Reproduce the data below exactly. Skip the pictures.

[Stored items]
++++++++++
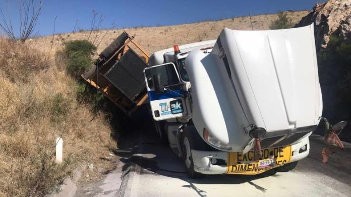 La Coordinación de Protección Civil en Sonora reportó a los automovilistas que se trasladan en la carretera ïmuris – Cananea manejar con precaución, al suscitarse un accidente de un tractocamión.
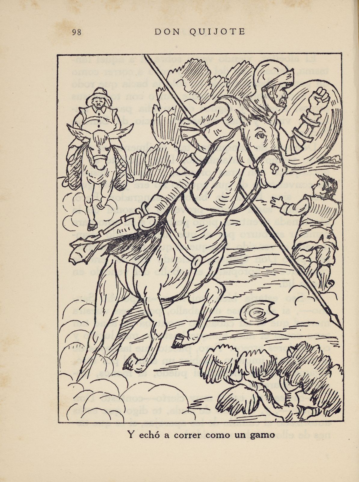 | Commentary | Don Quixote, mounted on Rocinante, charges against the barber, who runs away leaving his basin (Mambrino's helmet) behind; aside, Sancho on his donkey.
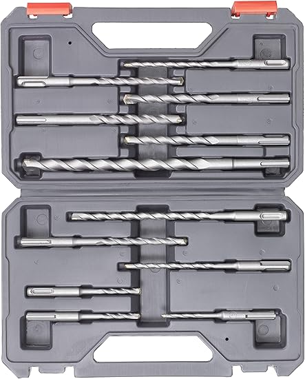 SDS-Plus darbeli matkap seti, 12 parçalı taş ve beton matkap seti, plastik çanta içinde
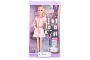 Bábika doktorka. Balenie obsahuje bábiku o veľkosti cca 29 cm s kĺbovými rukami a zdravotnícke doplnky (stetoskop, injekciu, kufrík, fľaštičky a ďalšie doplnky).
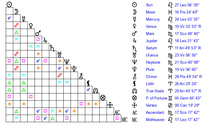 Moon | 16 Pisces 21 | 9 Leo 47 | 27 Aries 41 |
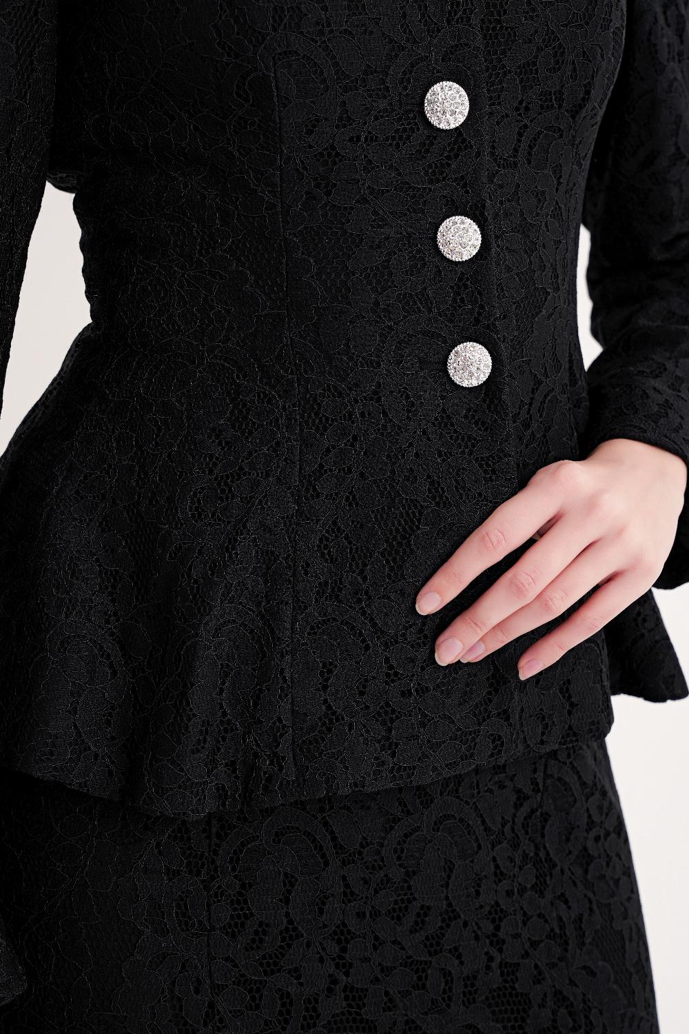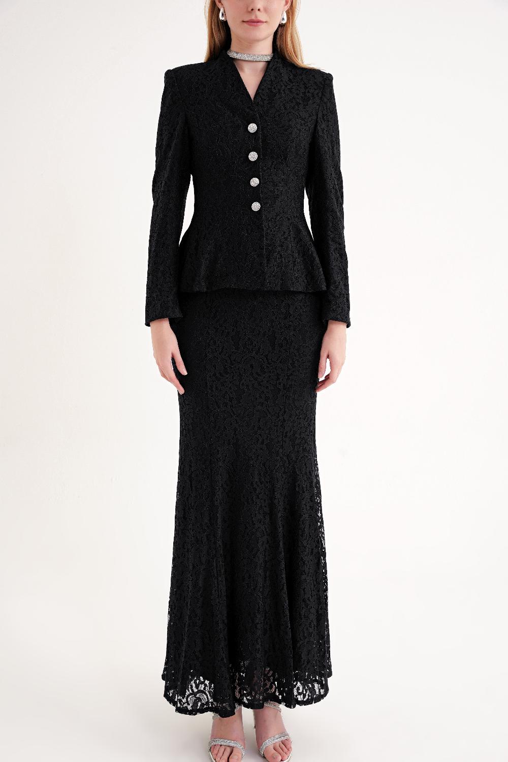 Black Fitted jacket and high-waist skirt suit 12372
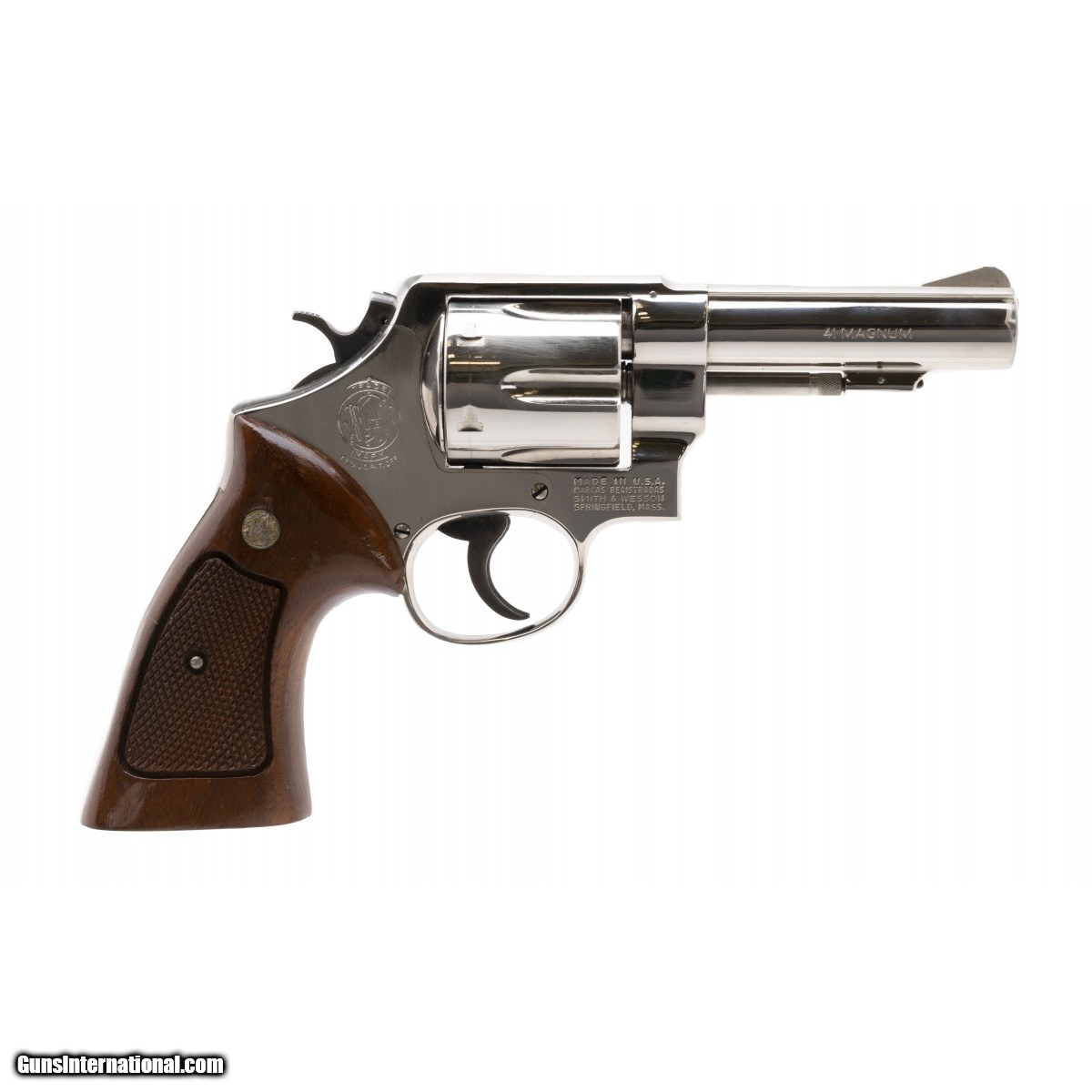 Scarce 4"" nickel plated N-frame service revolver. 1970's vintage with pinned barrel and recessed cylinder. Has a few light scuff marks in the finish, probably from a holster. Overall very good condition.
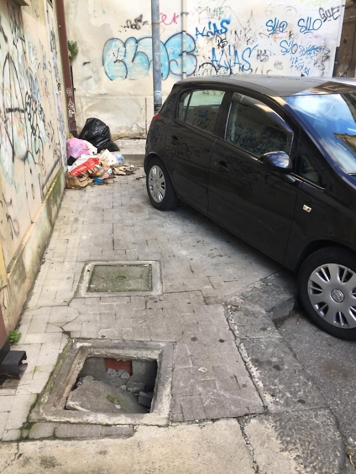 Nonostante le ripetute segnalazioni alla Terza circoscrizione, non si interviene per accettare la richiesta dei residenti di apporre dei paletti parapedonali alla fontana ubicata in Via Sisto, considerato che il marciapiede sul quale si trova è regolarmente occupato da vetture parcheggiate e immondizia abbandonata, quotidianamente ignorata dallo spazzino incaricato della strada.
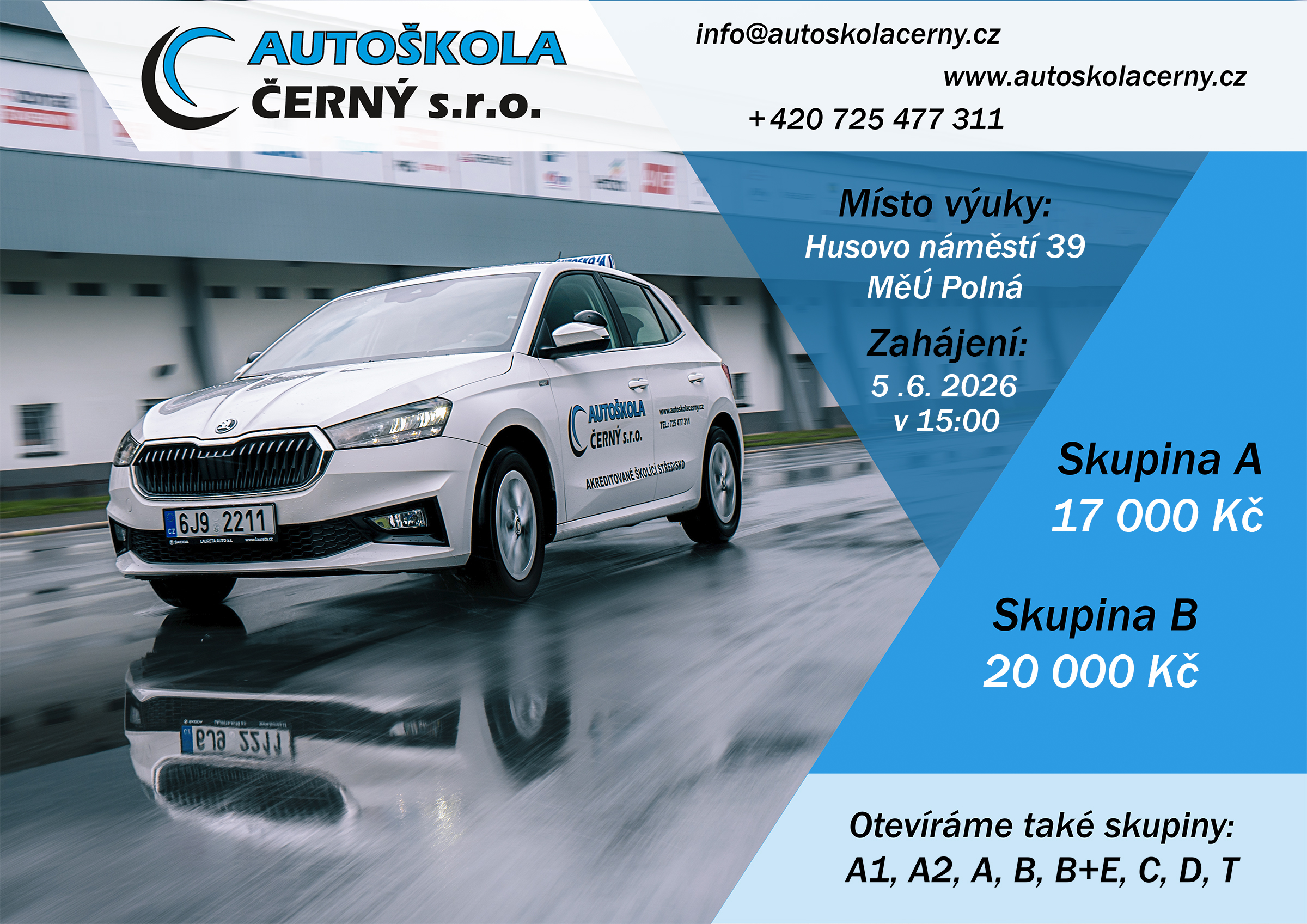 Zahajujeme kurz pro všechny skupiny: B, B96, BE, C, CE, D, T, A, A1, A2, A2/B, A1/T a další kombinace dne 5.6.2026 v 15:00 v Polné, Husovo nám. 39.Více
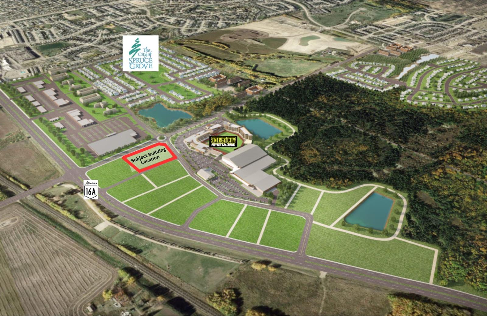 Prime retail leasing opportunity coming to Spruce Groves rapidly expanding Ballpark District. This brand new 1,300 SF retail bay is located within the Pioneer Crossing Phase 2 development in the Ballpark District, offering excellent visibility and accessibility via HWY 16A. The development benefits from approximately 25,000+/- vehicles PPD and is situated next to the future Energy City Metro Ballpark, creating strong long term commercial demand. The building is designed with modern curb appeal and flexible bay configurations suitable for a variety of retail, service commercial, and professional uses, zoned C2 - Highway Commercial. Join a growing commercial node with established tenants including Tim Hortons, hair salon, nail salon, and liquor store. Possession available upon completion, estimated Fall 2026. (id:51989)
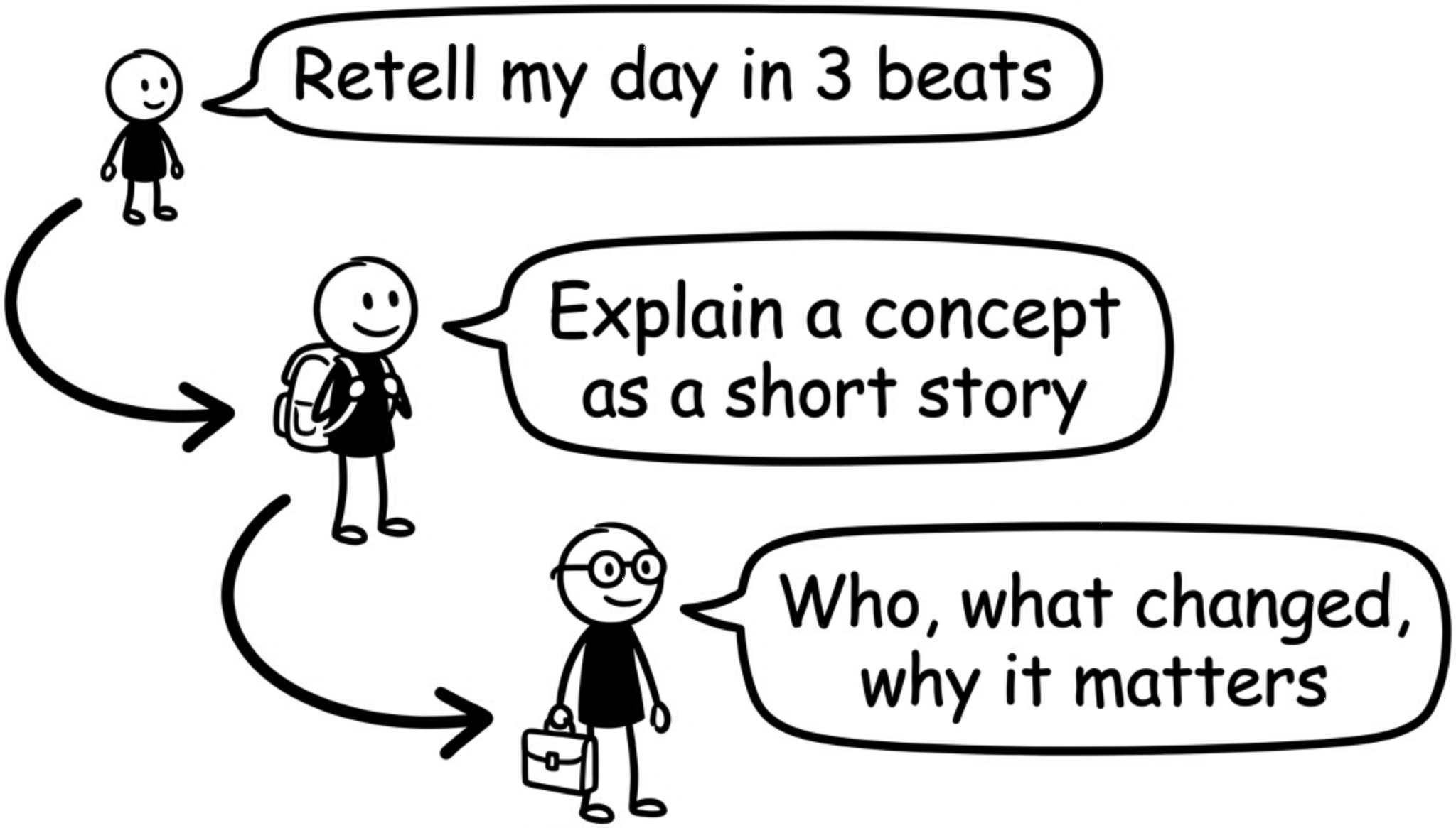 Ask your kids, to retell their day in three beats.
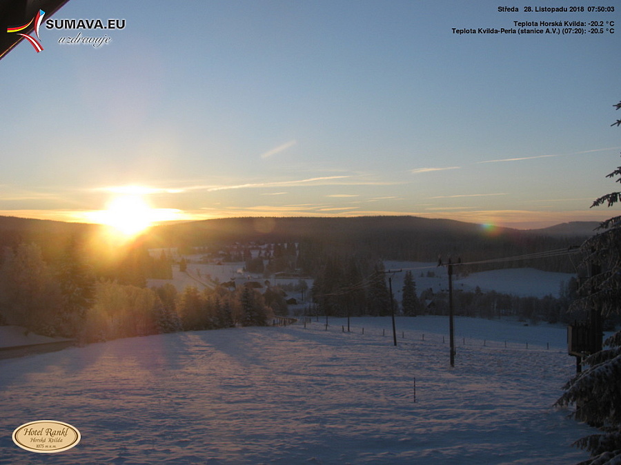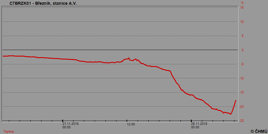 Teplota 28. listopadu klesla na některých šumavských stanicích poprvé v této zimě pod hranici -20°C. Naposledy byl takto silný mráz v listopadu naměřen v roce 2010 na Rokytské slati. Podmínky pro pokles teploty nebyly až na oblast Březníku vůbec ideální, nad Šumavou se vytvořila nízká oblačnost, která znemožnila větší pokles teplot. Až nad ránem došlo téměř na celé Šumavě k vyjasnění.
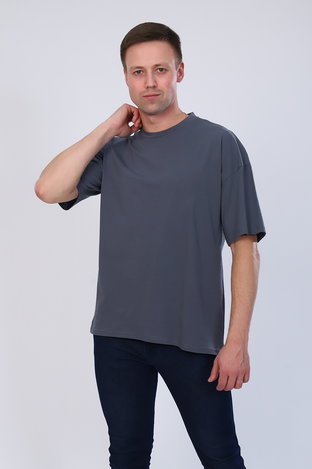 Футболка мужская хлопковая свободного кроя оверсайз прекрасно дополнит и классический образ, и спортивный лук! Прямой силуэт, спущенный, втачной рукав, горловина обработана обтачкой из основной ткани. Горловина спинки внутри усилена надстрочной планкой из кулирки. Низ изделия и рукава обработаны швом в подгибку.
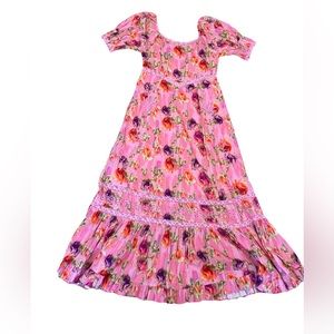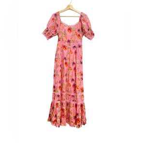 The Marian Maxi Dress by LoveShackFancy features a romantic floral print in wild pink and rose, finished with delicate embroidery and lace trim detailing. Designed with a flattering square neckline, softly puffed short sleeves, and a fitted bodice that flows into a full-length tiered skirt.
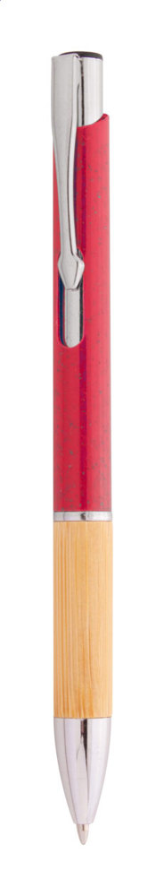 Ecological wheat straw plastic ballpoint pen with bamboo grip and metal parts. With blue refill.
++++++++++
#### Solution below:
 La Coordinación de Protección Civil en Sonora reportó a los automovilistas que se trasladan en la carretera ïmuris – Cananea manejar con precaución, al suscitarse un accidente de un tractocamión.
 | Commentary | Don Quixote, mounted on Rocinante, charges against the barber, who runs away leaving his basin (Mambrino's helmet) behind; aside, Sancho on his donkey.
 SDS-Plus darbeli matkap seti, 12 parçalı taş ve beton matkap seti, plastik çanta içinde
 Bábika doktorka. Balenie obsahuje bábiku o veľkosti cca 29 cm s kĺbovými rukami a zdravotnícke doplnky (stetoskop, injekciu, kufrík, fľaštičky a ďalšie doplnky).
 Moon | 16 Pisces 21 | 9 Leo 47 | 27 Aries 41 |
 Black Fitted jacket and high-waist skirt suit 12372
 Scarce 4"" nickel plated N-frame service revolver. 1970's vintage with pinned barrel and recessed cylinder. Has a few light scuff marks in the finish, probably from a holster. Overall very good condition.
 Nonostante le ripetute segnalazioni alla Terza circoscrizione, non si interviene per accettare la richiesta dei residenti di apporre dei paletti parapedonali alla fontana ubicata in Via Sisto, considerato che il marciapiede sul quale si trova è regolarmente occupato da vetture parcheggiate e immondizia abbandonata, quotidianamente ignorata dallo spazzino incaricato della strada.
 Zahajujeme kurz pro všechny skupiny: B, B96, BE, C, CE, D, T, A, A1, A2, A2/B, A1/T a další kombinace dne 5.6.2026 v 15:00 v Polné, Husovo nám. 39.Více
 Prime retail leasing opportunity coming to Spruce Groves rapidly expanding Ballpark District. This brand new 1,300 SF retail bay is located within the Pioneer Crossing Phase 2 development in the Ballpark District, offering excellent visibility and accessibility via HWY 16A. The development benefits from approximately 25,000+/- vehicles PPD and is situated next to the future Energy City Metro Ballpark, creating strong long term commercial demand. The building is designed with modern curb appeal and flexible bay configurations suitable for a variety of retail, service commercial, and professional uses, zoned C2 - Highway Commercial. Join a growing commercial node with established tenants including Tim Hortons, hair salon, nail salon, and liquor store. Possession available upon completion, estimated Fall 2026. (id:51989)
 Ask your kids, to retell their day in three beats.
 Teplota 28. listopadu klesla na některých šumavských stanicích poprvé v této zimě pod hranici -20°C. Naposledy byl takto silný mráz v listopadu naměřen v roce 2010 na Rokytské slati. Podmínky pro pokles teploty nebyly až na oblast Březníku vůbec ideální, nad Šumavou se vytvořila nízká oblačnost, která znemožnila větší pokles teplot. Až nad ránem došlo téměř na celé Šumavě k vyjasnění.
 Футболка мужская хлопковая свободного кроя оверсайз прекрасно дополнит и классический образ, и спортивный лук! Прямой силуэт, спущенный, втачной рукав, горловина обработана обтачкой из основной ткани. Горловина спинки внутри усилена надстрочной планкой из кулирки. Низ изделия и рукава обработаны швом в подгибку.
 The Marian Maxi Dress by LoveShackFancy features a romantic floral print in wild pink and rose, finished with delicate embroidery and lace trim detailing. Designed with a flattering square neckline, softly puffed short sleeves, and a fitted bodice that flows into a full-length tiered skirt.
 Ecological wheat straw plastic ballpoint pen with bamboo grip and metal parts. With blue refill.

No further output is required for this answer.